I hope by now you also see some reasons to be concerned about studies only looking at sodium as urinary excretion (i.e. without factoring in junk food and potentially low potassium) and only for a few weeks.
As salt intake has very big variations nowadays and some people do eat 16+ g (more than 4 teaspoons) daily, furthermore as the number of higher risk individuals such as diabetics, people struggling with hypertension, etc. has been ever growing, the advice of reducing sodium intake is getting relevant for more and more folks out there.

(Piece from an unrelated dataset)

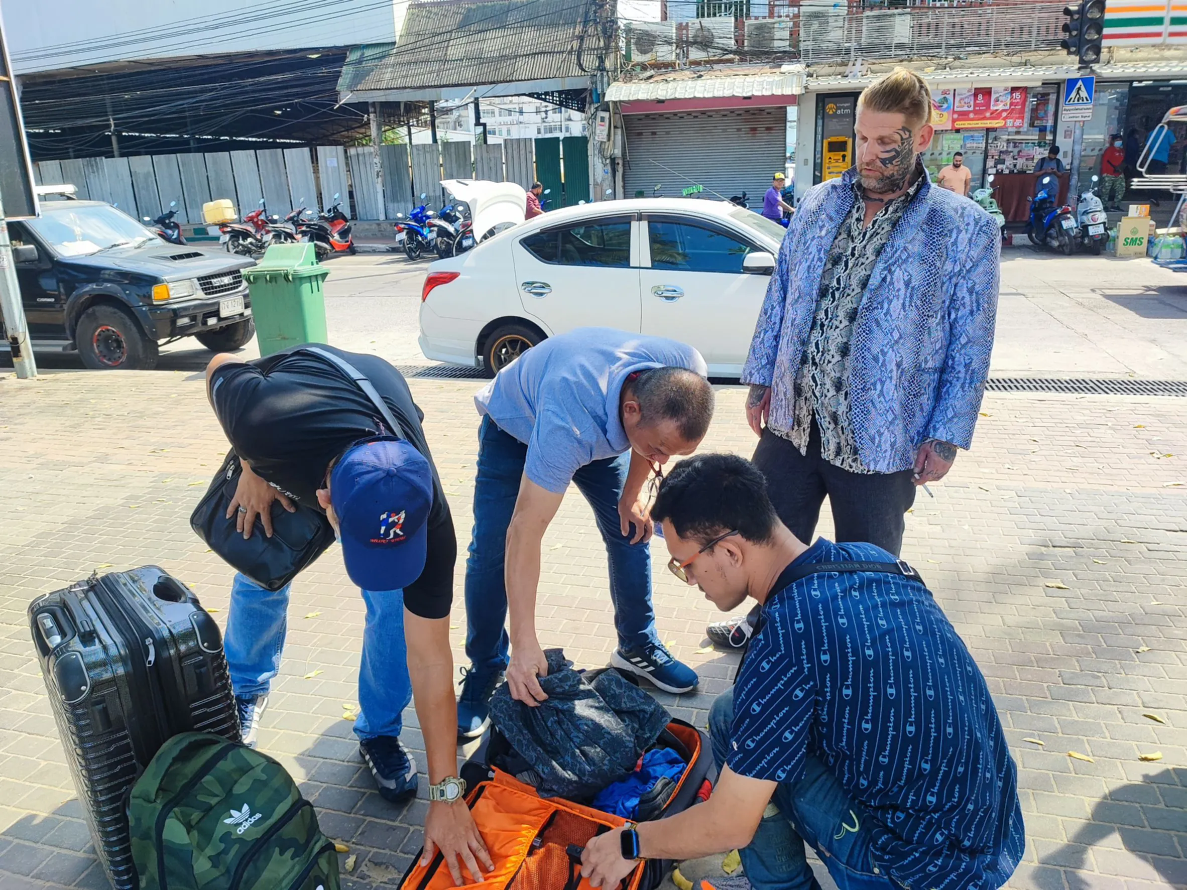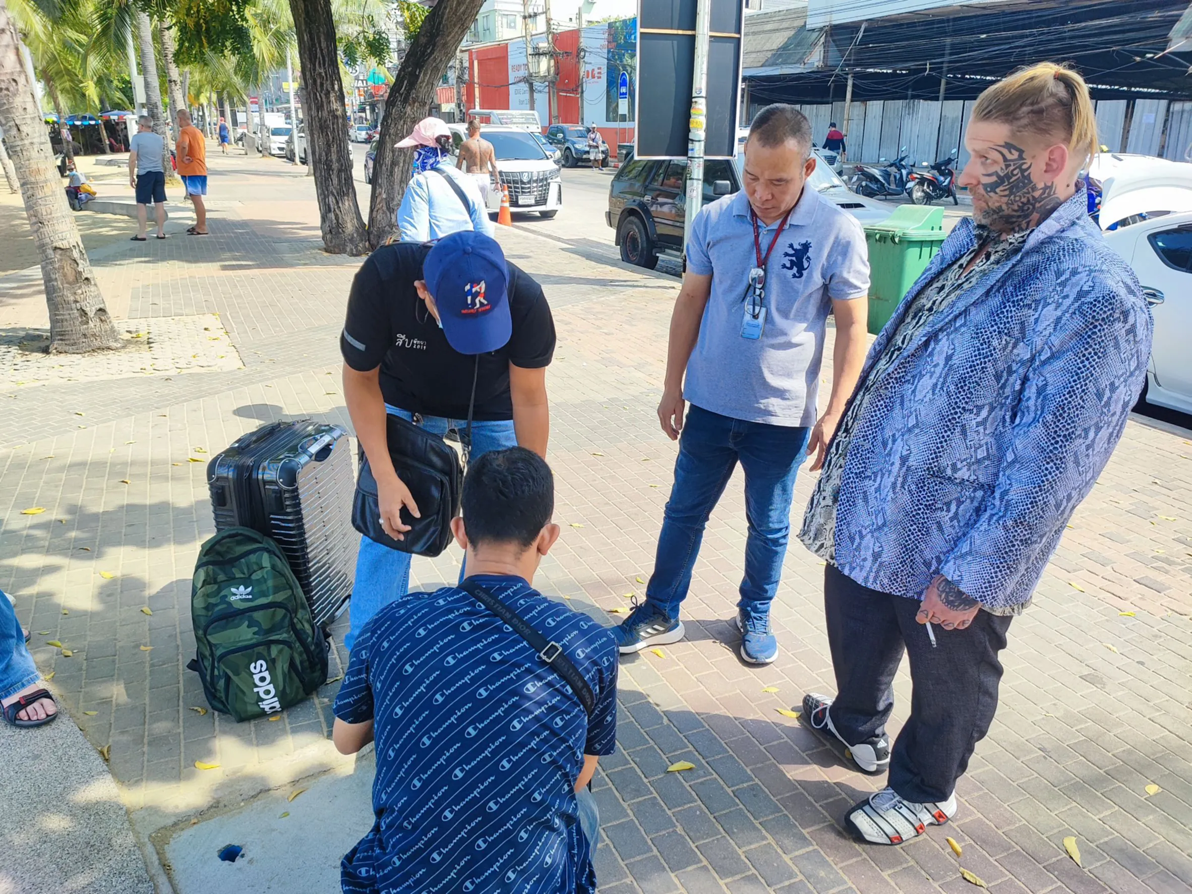 โดยขณะตรวจสอบบริเวณปากซอย 13/3 ถนนเลียบชายหาดพัทยา พบชาวต่างชาติมีรอยสักที่ใบหน้า ใส่ชุดสูทหนังหรูหรา สะพายกระเป๋าเป้ต้องสงสัยจึงเข้าตรวจสอบ จากการตรวจสอบ พบยาไอซ์บรรจุในถุงซิบพลาสติก อยู่ในกระเป๋าสะพายสีดำใบเล็ก ส่วนการตรวจค้นในกระเป๋าสะพายใบใหญ่สีเขียว พบอาวุธปืน ขนาด .380 colt defender สีทอง ตรวจสอบพบลูกปืนอยู่ในรังเพลิง 1 ลูก ในแมกกาซีน 5 ลูก และยังพบกระสุนปืนอีกจำนวน 58 ลูก บรรจุในกล่อง เจ้าหน้าที่ตำรวจจึงควบคุมตัวมาสอบสวนที่ สภ.เมืองพัทยา
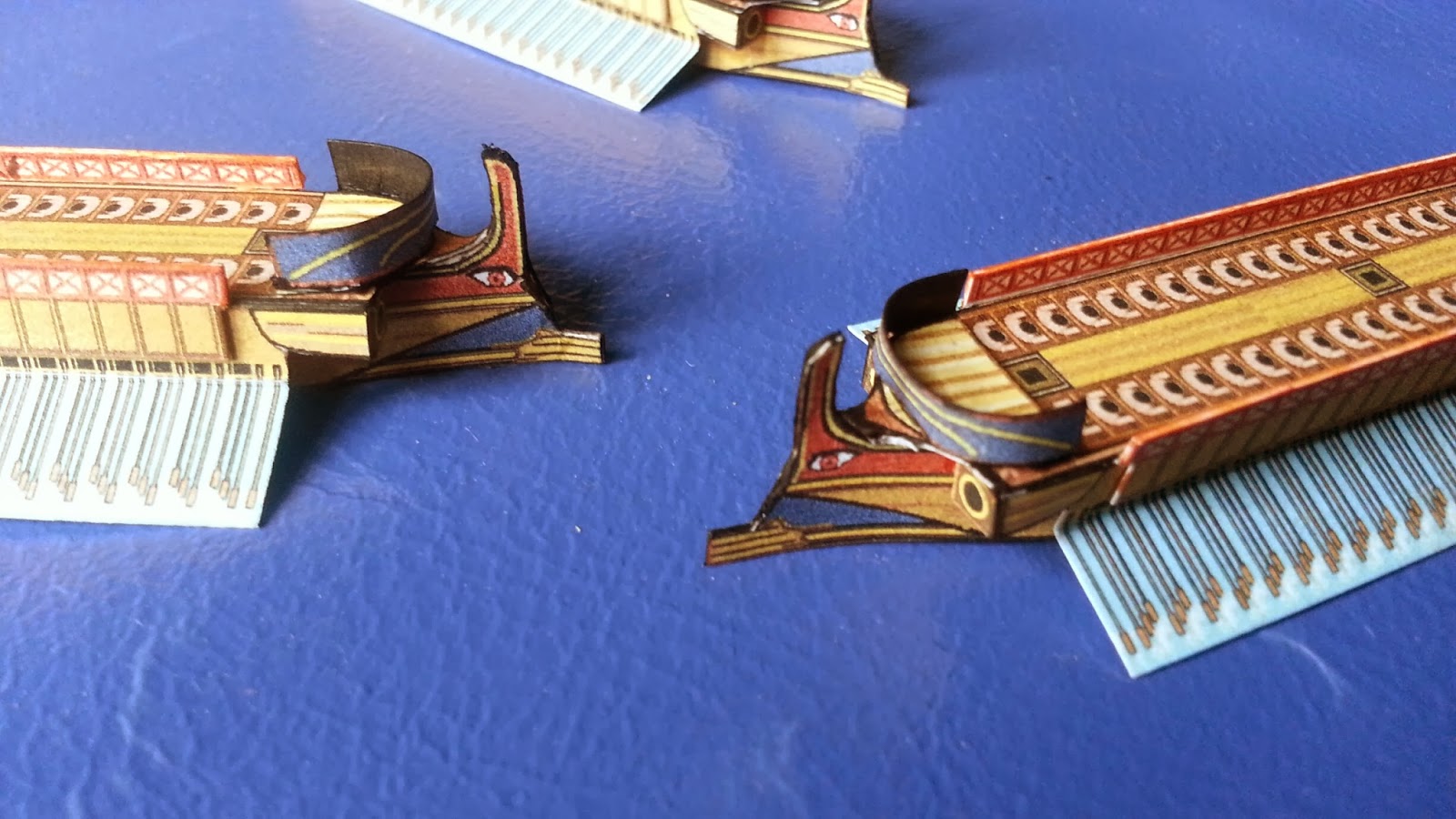 I have made some models with a narrow deck bridge which link the forecastle and the quarter deck. The thranites are visible, toiling over their oars and the helmsman with his tillers. The trierarch's chair is empty as yet.. Their are low rails on the sides.

Just to reiterate my personal view on this: When eating nutrient dense natural foods, it is probably OK to listen to natural cravings and add more salt when feeling like it. However, feeling free to add plenty of salt on top of a high(ish) sodium SAD is a poor interpretation of the study referenced in the original post above.
How do you square those two circles (sentences)? You insist on getting evidence yet then rely on belief! Science isn't meant to be belief or consensus.
Otherwise you seem to do an especially good job in always reacting to the least relevant part of a post. I may uncover a secret with this statement, but I actually prefer discussing ON topic facts and hypotheses to never ending virtual mind fencing...
It's very difficult to argue against beliefs.